Please repeat word for word the line containing "The microcement color" and every following line up to and including the last one below, pictures excluded.

Records from a dataset
- - - - - - -

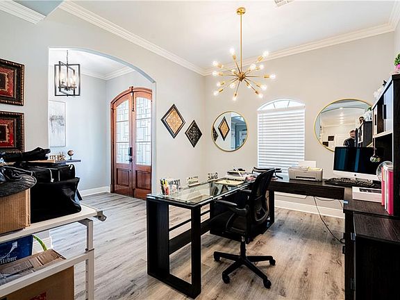 Enjoy soaring high ceilings, elegant crown moldings, and rich wood and tile flooring throughout. The kitchen shines with stainless-steel appliances, crisp white cabinetry, and a large center island, while the spacious living room centers around a cozy fireplace.
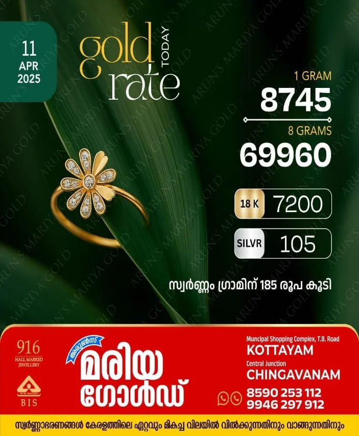 കോട്ടയം അരുൺസ് മരിയ ഗോൾഡിലെ ഇന്നത്തെ സ്വർണവില അറിയാം
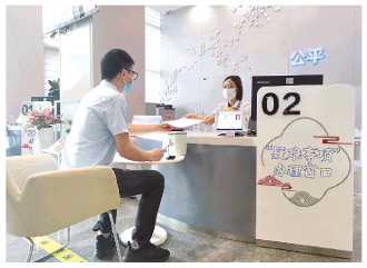 圖為企業(yè)相關(guān)負(fù)責(zé)人在佛山市禪城區(qū)行政服務(wù)中心“疑難事項(xiàng)”辦理窗口辦理相關(guān)業(yè)務(wù)。
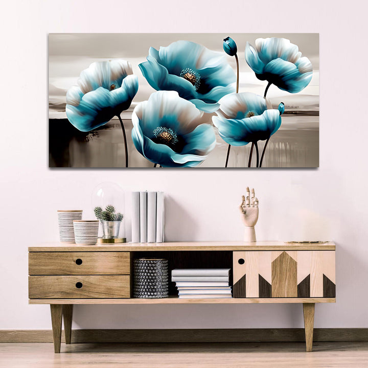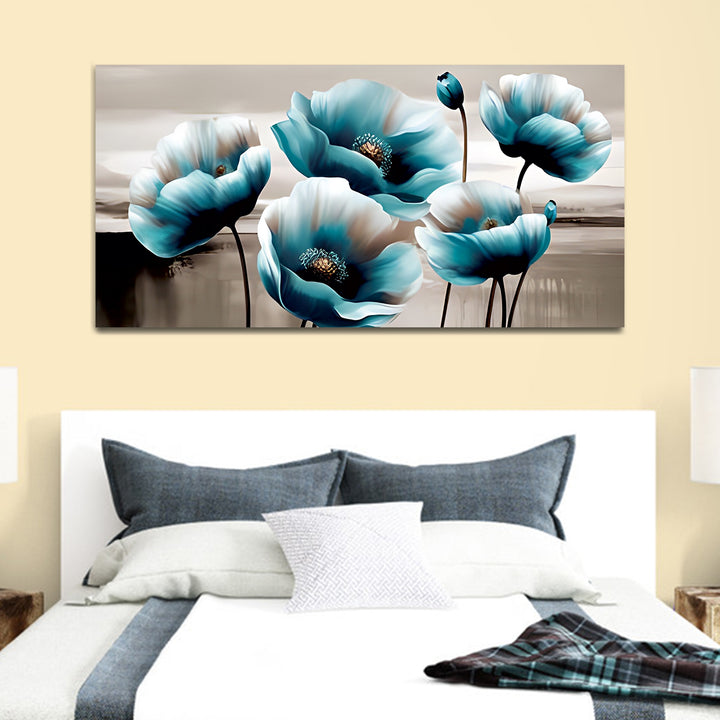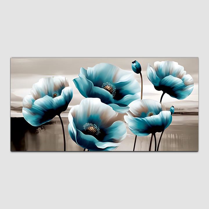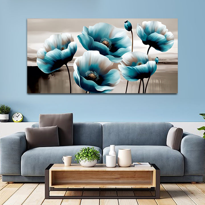 Premium White and Blue Flower Canvas Wall Painting
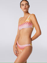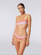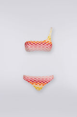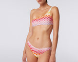 This beautiful two piece is iconic Missoni. The crochet knit fabric is entwined with luxe metallic fibers that shimmer away for added glam. The one shoulder bikini is emblematic of the brand's aesthetic and features bikini briefs with moderate coverage and comes in beautiful shades of yellow and reds.
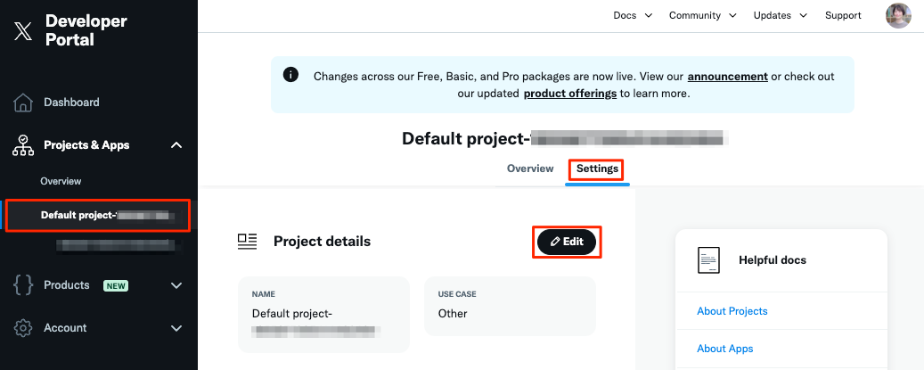 フリーアカウントではプロジェクトを1件のみ登録可能なので、Default project をそのまま使います。左メニューからプロジェクト名(Default project-xxxxx)をクリックし、Settings タブをクリックし、Project Details の Edit ボタンをクリックします。
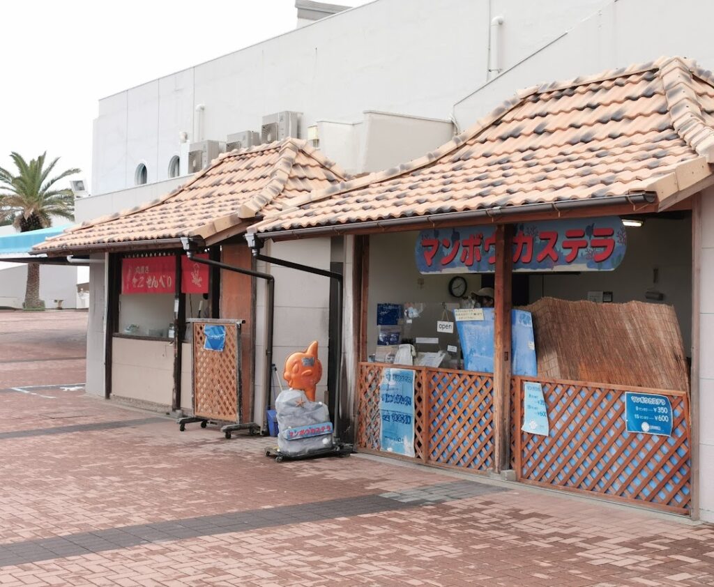 小腹が空いた時に食べられるたこせんべいとマンボウカステラを売っている屋台です。
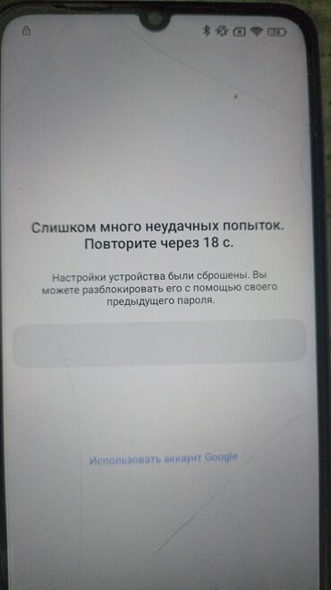 На экране при включении отображается сообщение: «Слишком много неудачных попыток… Настройки устройства были сброшены. Вы можете разблокировать его с помощью своего предыдущего пароля. Использовать аккаунт Google».
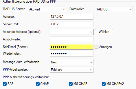 PPP-Arbeitsweise Exklusiv. Dies bedeutet, dass exklusiv der RADIUS-Server für Authentifizierung verwendet werden soll und nicht zusätzlich die interne PPP-Benutzer-Tabelle.
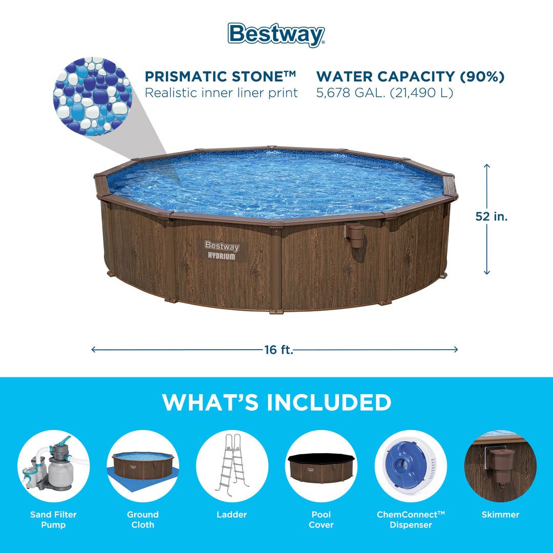 Bestway Hydrium 16’ x 52” Steel Wall Round Above Ground Swimming Pool Set
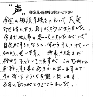 神戸市垂水区 2021 3/04 ご相談者の声 2019.04.17 度々のお便り有難う御座いました。 葬儀後の手続一覧表を参考にさせて戴き娘が頑張って、私はうろうろ するだけでしたが銀行関係、家屋等相続手続をおおかた終える事が出 来ました。有難う御座いました。 【お客様の声 NO.97】 ご相談者の声 神戸市西区 神戸市北区 関連記事 神戸市長田区 2019.03.12 神戸市兵庫区 2020.06.17 神戸市須磨区 2020.07.06 小野市 2019.11.19 神戸市東灘区 2020.10.16 芦屋市 2019.06.26 小平市 2021.01.14 神戸市東灘区:色々新しいことが見えてきました 2024.10.29
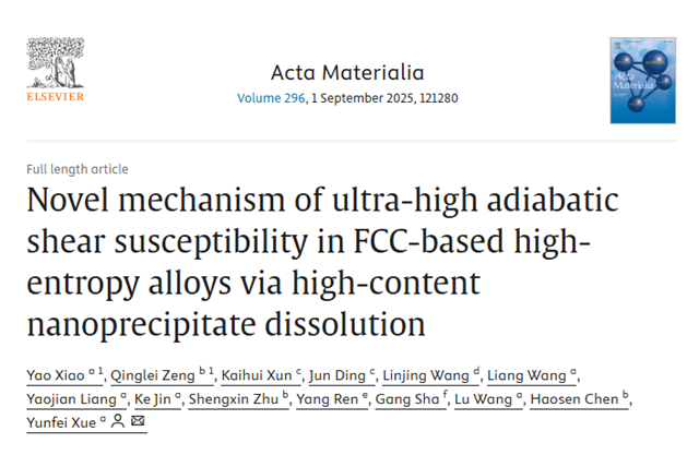 近日,ob真人材料学院在共格纳米析出相强化高熵合金的绝热剪切机理研...
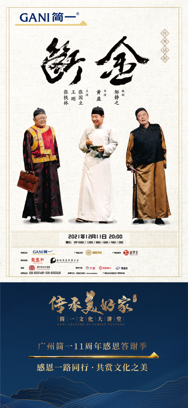 铁三角张国立、王刚、张铁林时隔17年再度合体,由他们三位老戏骨领衔主演经典话剧《断金》,将于12月11日在广州中山纪念堂精彩上演。本剧有著名编剧邹静之先生编辑,10打磨剧本,13次易稿,铁三角倾情主演,全实景舞美,气势磅礴,经典演绎京味十足的老北京故事!本次活动由GANI简一荣誉主办,也是广州简一11周年感恩答谢季的系列活动之一。据悉本次演出的票价为VVIP1680、VIP1280,880、680、480、280元,广大剧迷朋友可以通过大麦网、猫眼、票星球、广州中山纪念堂等官方渠道购买门票,机会实属难得,铁粉们一定不能错过哦!
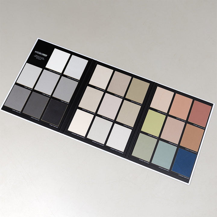The microcement color book is a practical tool that makes it easy to choose the perfect shade for any project. You will find colors from the standard HydroFest system palette.
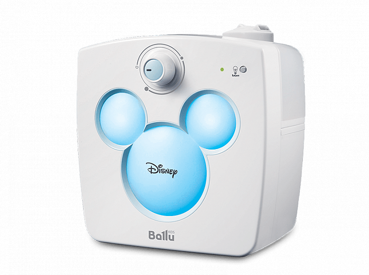 Специально для детей разработана уникальная серия увлажнителей Ballu Kids, включающая в себя приборы с образами популярных героев анимационных фильмов. Совместно с художниками и дизайнерами Disney была создана модель Ballu UHB-240, которая сочетает в себе функцию увлажнителя и светильника – ночника.
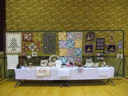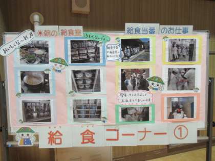 PTA監修の給食の掲示物やキルトクラブの方々の作品も展示されています。
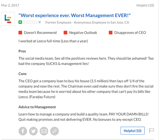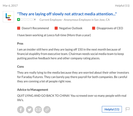 “我还在乐视,但是目前因为他们资金链问题,正在计划在下月裁撤150人。不过乐视唯一不想裁撤的就是社交媒体团队——他们需要一直,一直,一直在这里(Glassdoor)和其他一切可以给乐视评分的地方当水军,刷假评论。乐视一直在对媒体说谎,因为他们太害怕这会影响到法拉第未来的其他股东的决定。”
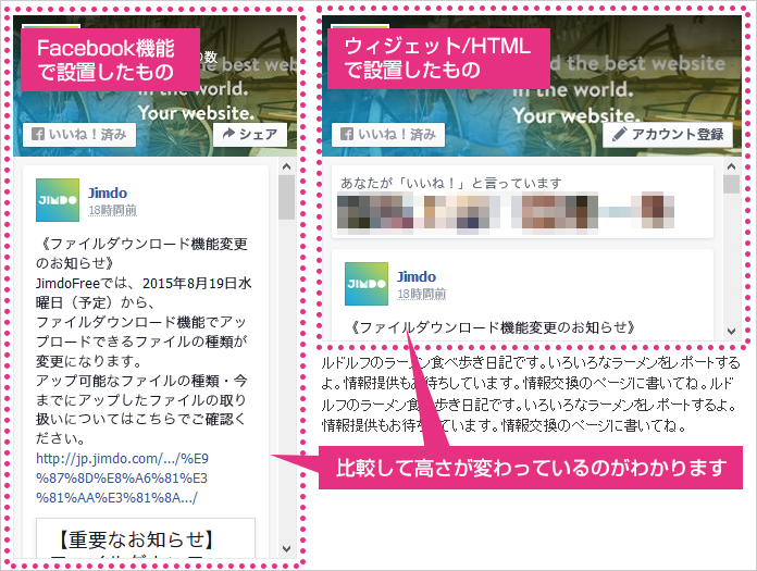 5. Facebook ページの高さを変更したい場合

- - - - - - -

» Problem solution
The microcement color book is a practical tool that makes it easy to choose the perfect shade for any project. You will find colors from the standard HydroFest system palette.
 Специально для детей разработана уникальная серия увлажнителей Ballu Kids, включающая в себя приборы с образами популярных героев анимационных фильмов. Совместно с художниками и дизайнерами Disney была создана модель Ballu UHB-240, которая сочетает в себе функцию увлажнителя и светильника – ночника.
 PTA監修の給食の掲示物やキルトクラブの方々の作品も展示されています。
 “我还在乐视,但是目前因为他们资金链问题,正在计划在下月裁撤150人。不过乐视唯一不想裁撤的就是社交媒体团队——他们需要一直,一直,一直在这里(Glassdoor)和其他一切可以给乐视评分的地方当水军,刷假评论。乐视一直在对媒体说谎,因为他们太害怕这会影响到法拉第未来的其他股东的决定。”
 5. Facebook ページの高さを変更したい場合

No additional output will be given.